Friday, September 19, 2008

The Quest for Father 7

Review of And When Did You Last See Your Father? (2)

Blake Morrison quickly realises in this wonderful memoir of his father and of his relationship with him that his written testimony is more than one about his father - it's essentially about his inherited experience of fathers down through the history of the family.  Here is Blake's expression of this revelation:

Telescoped, edited, misremembered, any family's past seems a catalogue of grief and dispersal.  But so many early deaths, and between the lines the other stories of alcoholism and madness and miscarriage and venereal disease and haemorrhages and mining disasters - For my father to be facing death at seventy-five begins to seem, in such a family, not a tragedy of cut-shortness but a miracle of longevity...It isn't just (just!) that my father is dying.  Where he came from is dying too...  (Op.cit., 41-42)

Then we have this beautiful passage about the passing of time:

Later I lay on my back beneath the trees, and heard the wind in them like a stream, and pretended I was listening to the sadness of passing time, and I knew one day I'd come back and the sadness would be real.  Now I am here.  (Ibid., 44)

I have already mentioned many time sin these posts that the real repression is not that of sex, but rather the repression of the reality of death and dying.  Modern humankind represses this stark though obvious reality because it sets to naught all that this same humankind aspires to - accumulated wealth, possessions, achievements of all types, even knowledge itself - for in the passing of an individual it is all blotted out, wiped away for that person.  Hence humankind has learnt not to face up to its own finitude in a realistic way and prefers to believe in the capitalist myth of wealth and unlimited wealth, of success and unlimited success.
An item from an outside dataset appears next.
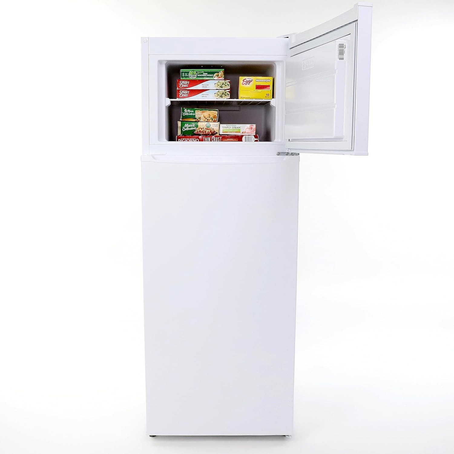 FUNCTIONAL DESIGN: 7.4 Cu.Ft. of refrigerator space is perfect for food, soda, beer, or other beverages with a 1.4 cu.ft. top-mounted freezer section for frozen goods SPACE SAVING: Ideal for apartments, offices, condos and more. 56.75" H x 21.25" W x 22.5" D ADJUSTABLE TEMPERATURE: Full range temperature control VERSATILE FEATURES: Reversible doors, Adjustable glass shelves, crisper drawer with glass cover, adjustable/removable door bins, interior LED light, ice cube tray ENERGY EFFICIENT: Energy Star certified

Blake Morrison in his quest for father is essentially going beyond the shallow preoccupations of modern society.  This memoir is redolent with the very stench of death.  In describing his father's death from cancer of the stomach Blake does not "pull any punches."  He lets us have the whole story in its indignity and in its demeaning of the human person.  Such a truthful account must have been hard to write, yet the sincerity, the congruity and the truth to self of it all must have been liberating in the extreme.

In searching for our father, often after he has long been dead, we come up against our guilt for so very many things.  Blake Morrison is unsparingly honest in his description of his guilt with respect to his father who had built a house when he had retired from his doctor's practice:

He'd have liked me to have helped with the house, to be the apprentice, the plumber's mate, the Lad at his side.  But I was lazy, and living 200 miles away, and he roped in others instead... I feel guilty now for not having been there; I feel guilty for ever having grown up and away...Now chastened and frightened I want to tell him I was wrong - that it didn't matter any more to me that the only book I'd ever seen him reading (abandoned halfway through) was Jaws...Why had I thought my interests more important, less ephemeral than his?  What could I compare with this monument he'd built to himself?  What consolation can art be, what comfort are reading and writing, now that grief streams through the trees and this home he made for living in is about to become the house where he will die?  (ibid., 46-47)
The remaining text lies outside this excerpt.